Sunday, February 15, 2026

Big Y Matches

 

Source: FTDNA. 14 Feb 2026.

The match time tree for cousin Greg's Big Y results shows two matches in the same haplogroup, with a most recent common ancestor born about 1234 CE. The time predictor tool on one match shows a range of 950-1650 CE, likely about 1350. There are also a few Y-37 matches that show a most recent common ancestor at about 1500 to 1550.

I provided a prompt to Claude that we have a Big Y match with STR differences 3 of 590, and what tools could I use to understand if this was an actionable match. The response was "A STR difference of 3 of 590 is actually quite close and could definitely be worth exploring. Here are several tools and approaches you can use to determine if this is an actionable match." I've already looked into the suggestions for using FTDNA's tools on the Block Tree, Match Time Tree and Time Predictor, so I'll skip down to Claude's suggestions on why this could be an actionable match.

"With a 3 of 590 STR difference, this suggests a recent shared ancestor, likely within the past few hundred to perhaps 1,000 years." This is consistent with FTDNA's statistics in the time predictor, and in the image above.

Next, Claude says "check for shared SNPs - do you share any terminal SNPs beyond your haplogroup assignment". This is good and gives me something to check.

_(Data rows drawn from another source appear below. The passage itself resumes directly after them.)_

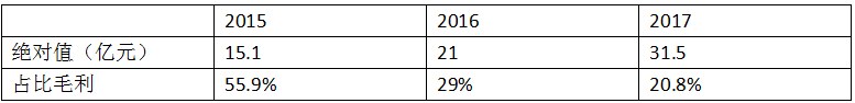 互联网服务收入主要来自在线广告和游戏。2015年到2017年,互联网服务虽然占比营收从未超过10%,但是毛利贡献基本在30%以上,从利润贡献的角度,小米确实可以看成是互联网公司,以硬件养服务的模式也讲得通。
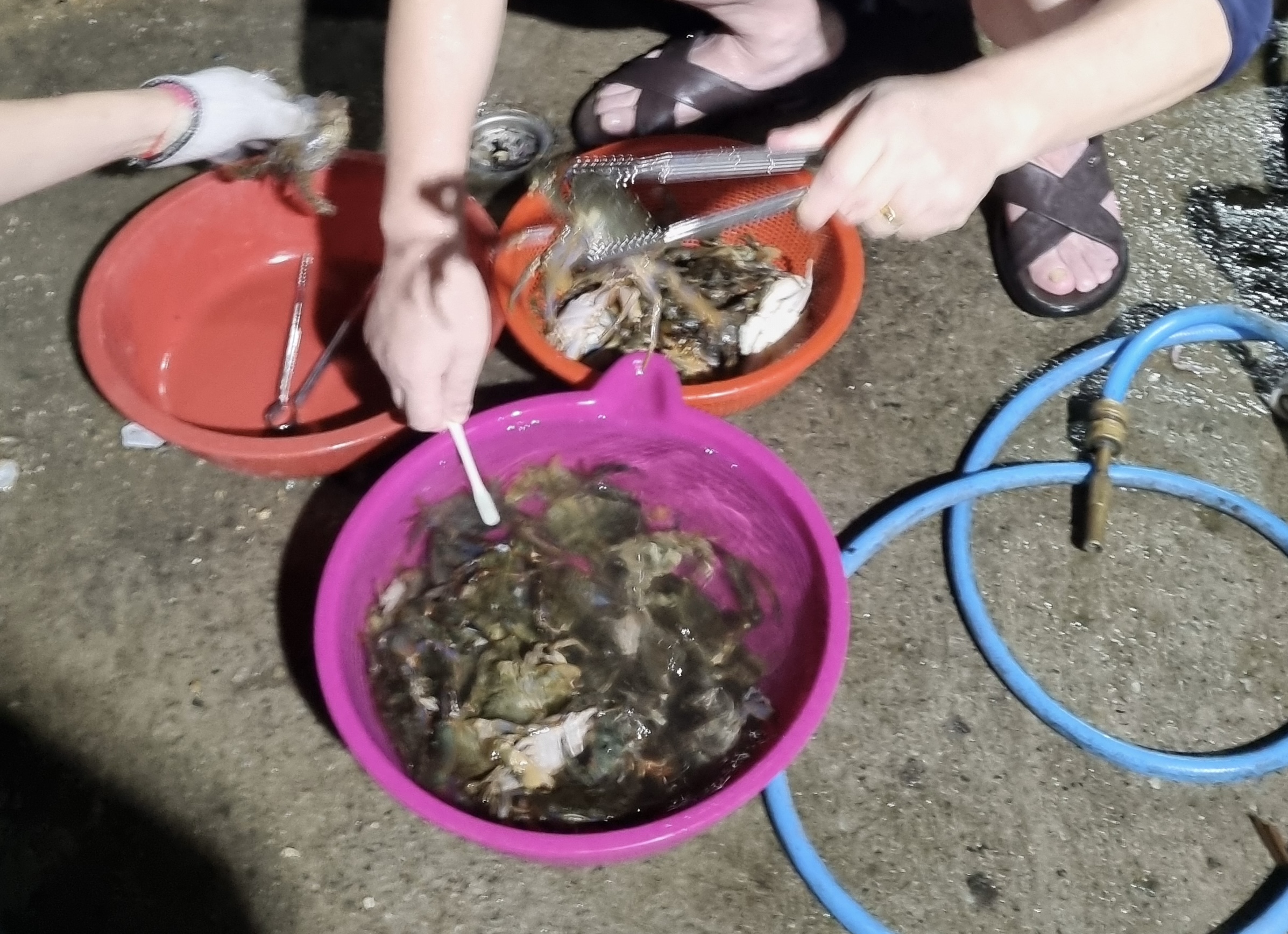 해가 떠있는 저녁에는 육안으로도 돌아다니는 게(박하지)들이 많이 보여서 도구로 마구마구 집어 올렸다.
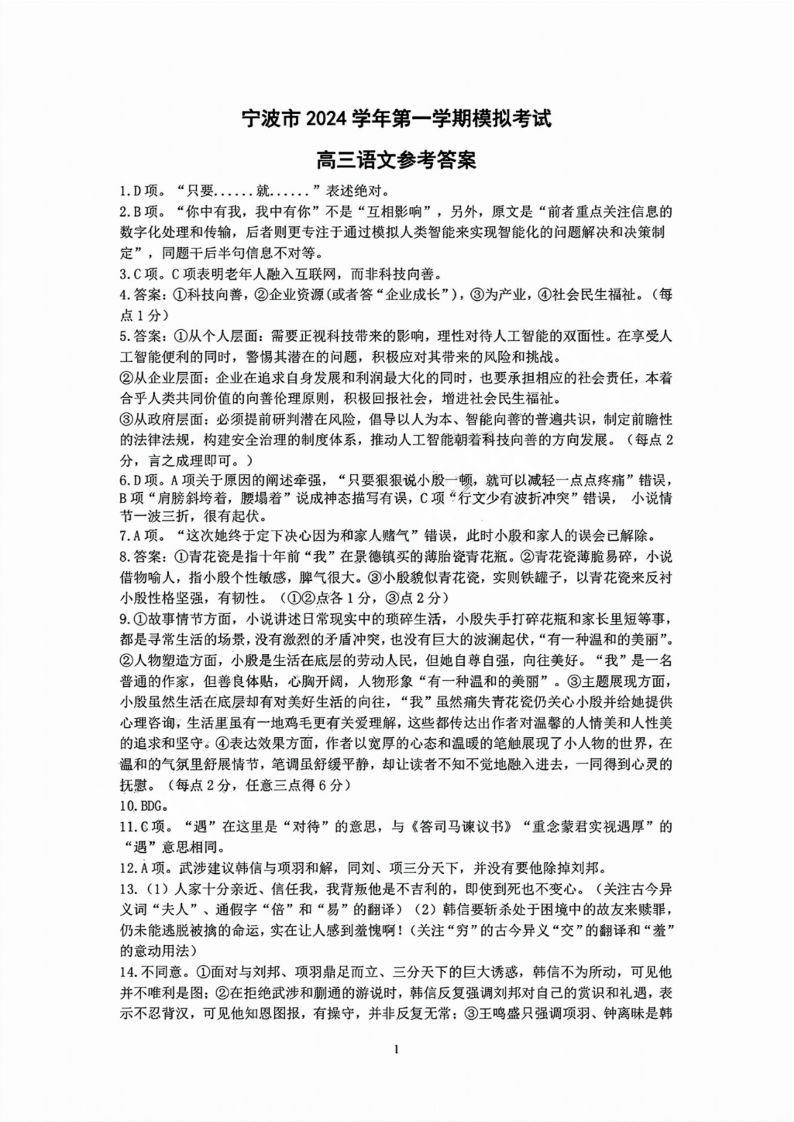宁波市2024学年第一学期高三模拟考试+语文答案

"Compare family trees - look for surname matches, geographic overlaps, or common ancestral locations." So far, the surnames do not overlap, but from a geographic location we're dealing with northern Mexico and Spain as common locations.

"Review genetic distance - FTDNA should show a genetic distance value that helps estimate generations to a common ancestor." Also a good suggestion.

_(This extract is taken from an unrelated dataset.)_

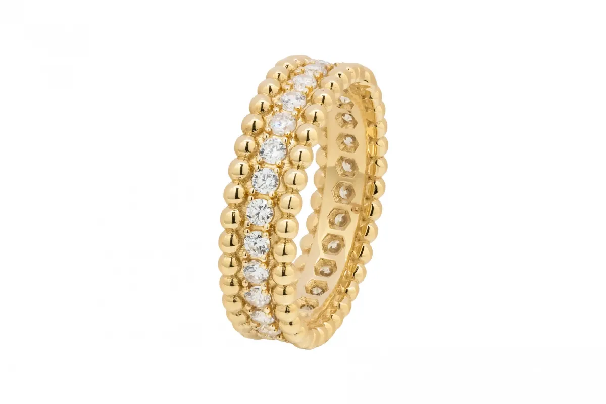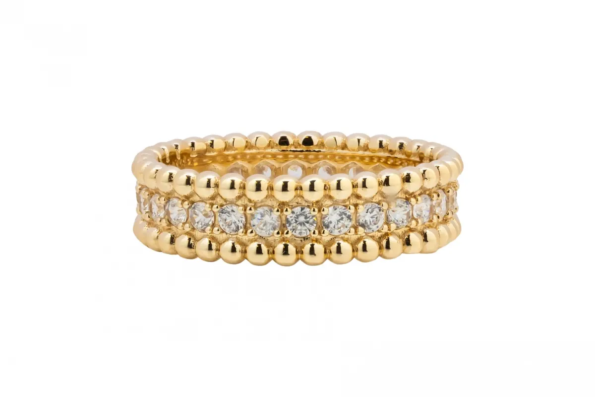 This elegant 9ct yellow gold band features a double row of cubic zirconia stones, enhanced by intricate milgrain detailing for a vintage-inspired touch.
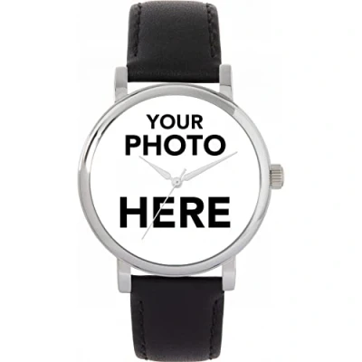 Your watch, your way: upload your own photo to create your personalised photo watch.,Easy to order: select customise now, upload your photo, adjust to fit and add to basket.,Free engraving: honour a special date for your loved one. You can get your watch case back engraved ,Features: 38mm gold case with a black leather strap that’s interchangeable. Powered by Miyota quar,Friendship photo gift: the perfect birthday, Christmas or anniversary gift for friends.

Claude recommends the following next steps:

  1. Contact the match 
  2. Check geographic origins - do the paternal lines come from similar regions? (I'd like to see a bit more information on common regions in Spain).
  3. Look at surnames - any surname matches in my own ancestry? (Not yet).
  4. Consider STR marker patterns - which specific markers differ? Some mutate faster than others.
I am rewatching the YDNA course on YourDNAGuide, and need to review the modules on STR markers.